#### Listed records:
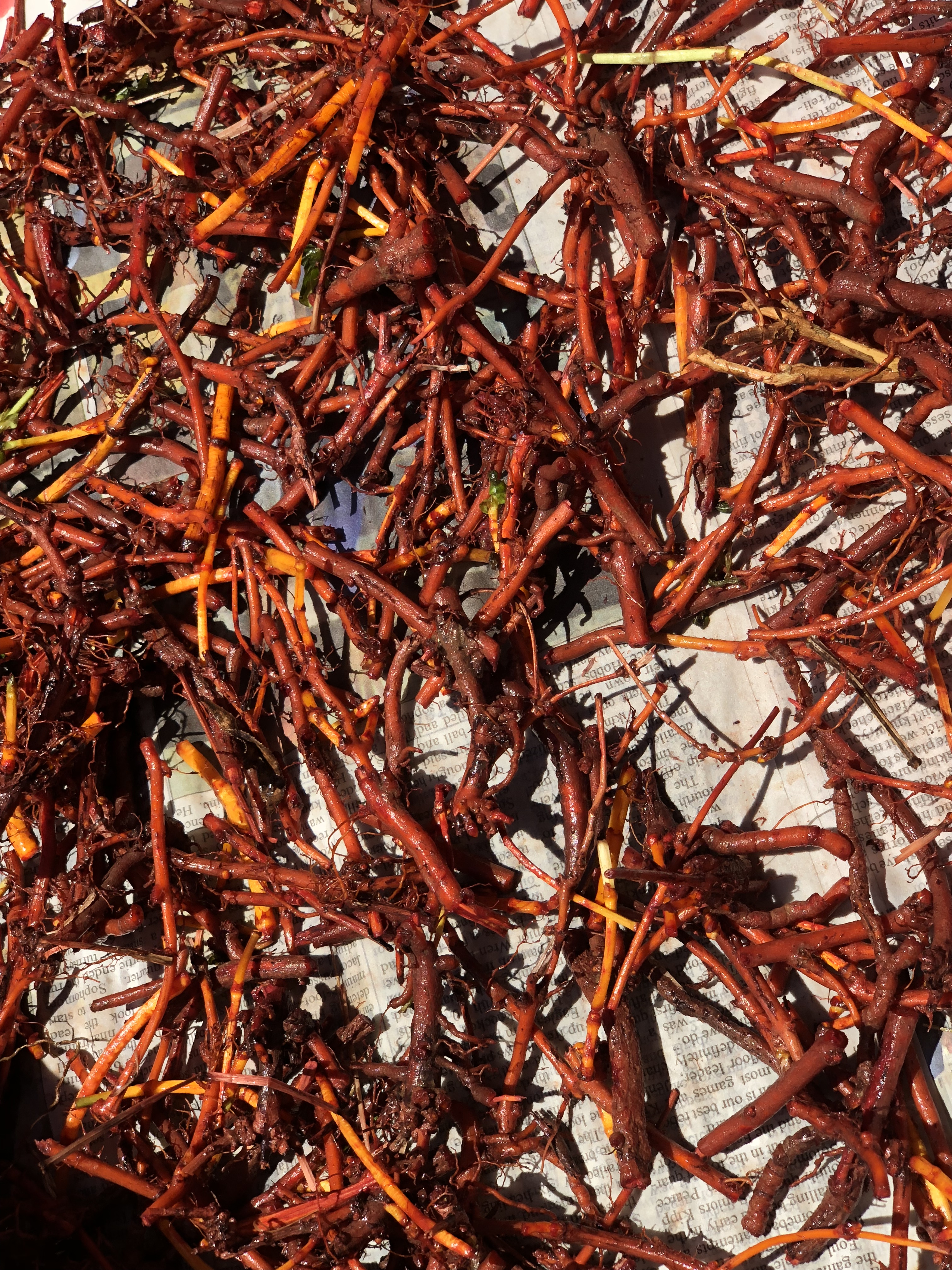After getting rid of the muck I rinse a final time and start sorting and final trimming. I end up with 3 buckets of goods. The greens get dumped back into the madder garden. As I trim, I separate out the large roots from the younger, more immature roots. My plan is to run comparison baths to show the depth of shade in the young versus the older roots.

--

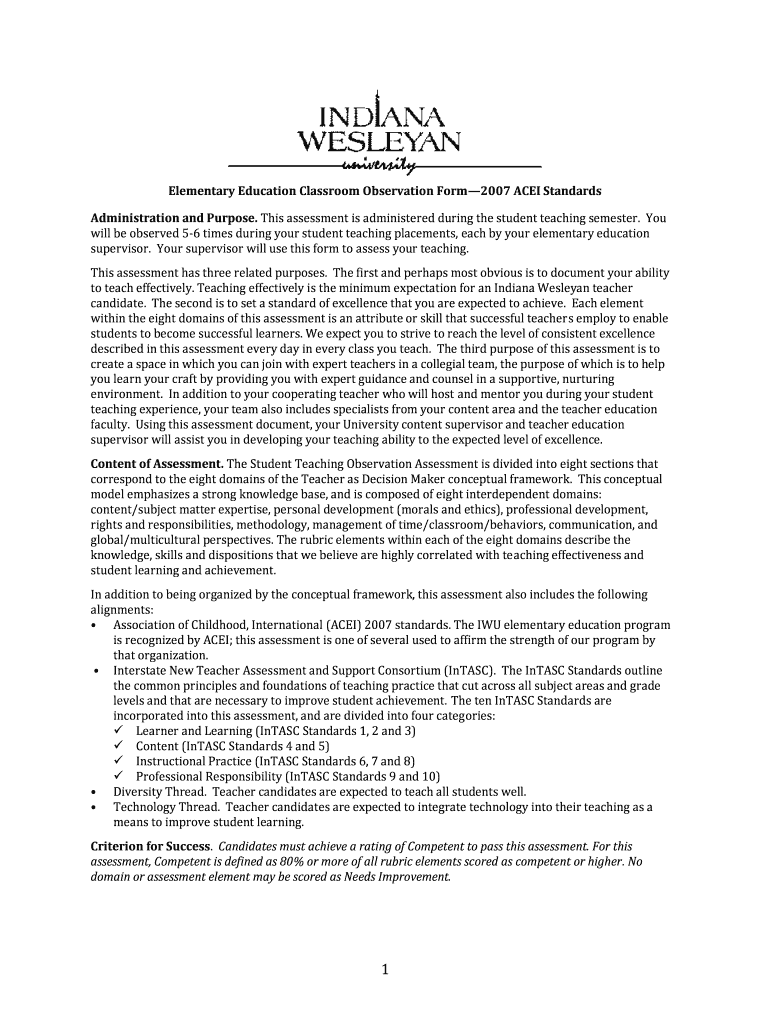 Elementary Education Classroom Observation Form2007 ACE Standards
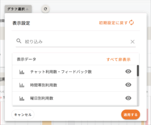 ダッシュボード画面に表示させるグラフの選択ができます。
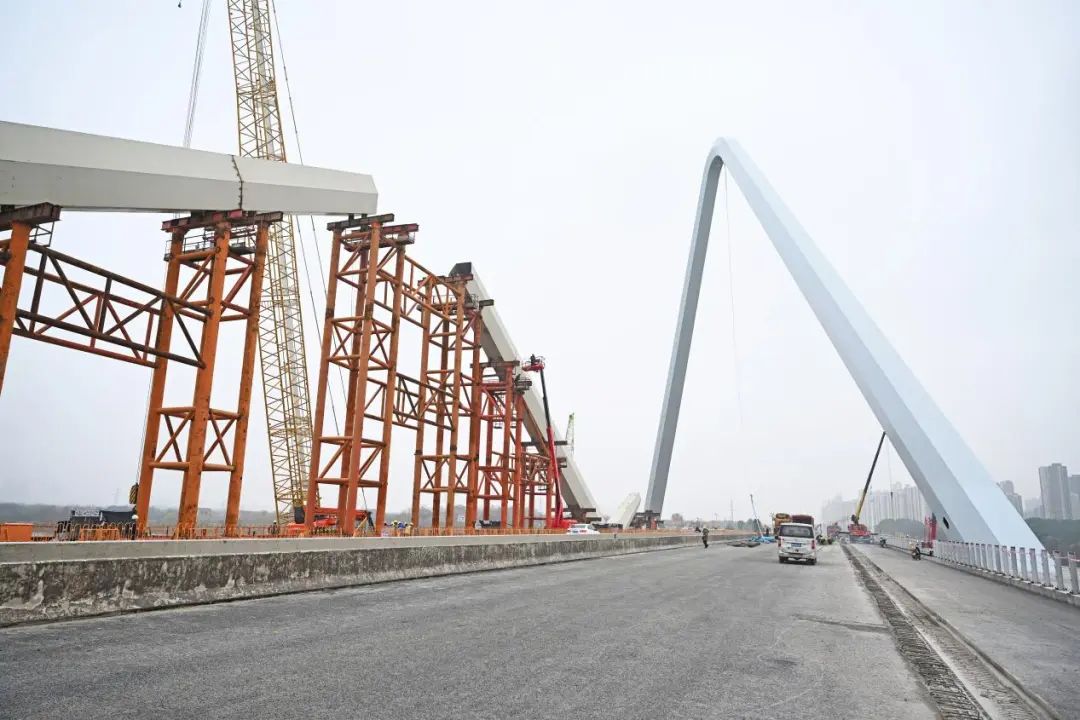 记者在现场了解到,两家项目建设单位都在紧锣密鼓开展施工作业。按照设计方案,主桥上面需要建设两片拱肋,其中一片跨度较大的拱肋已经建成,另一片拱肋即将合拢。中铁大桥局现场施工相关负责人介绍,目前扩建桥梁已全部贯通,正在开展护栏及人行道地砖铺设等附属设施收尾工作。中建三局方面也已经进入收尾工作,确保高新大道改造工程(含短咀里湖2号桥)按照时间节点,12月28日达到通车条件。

#### Activity:
Pictures excluded, reproduce only the part above that opens with the line holding "ダッシュボード画面に表示させるグラフの選択ができます。" and closes with the line holding "记者在现场了解到,两家项目建", exactly as written.

#### Solution:
 ダッシュボード画面に表示させるグラフの選択ができます。
 记者在现场了解到,两家项目建设单位都在紧锣密鼓开展施工作业。按照设计方案,主桥上面需要建设两片拱肋,其中一片跨度较大的拱肋已经建成,另一片拱肋即将合拢。中铁大桥局现场施工相关负责人介绍,目前扩建桥梁已全部贯通,正在开展护栏及人行道地砖铺设等附属设施收尾工作。中建三局方面也已经进入收尾工作,确保高新大道改造工程(含短咀里湖2号桥)按照时间节点,12月28日达到通车条件。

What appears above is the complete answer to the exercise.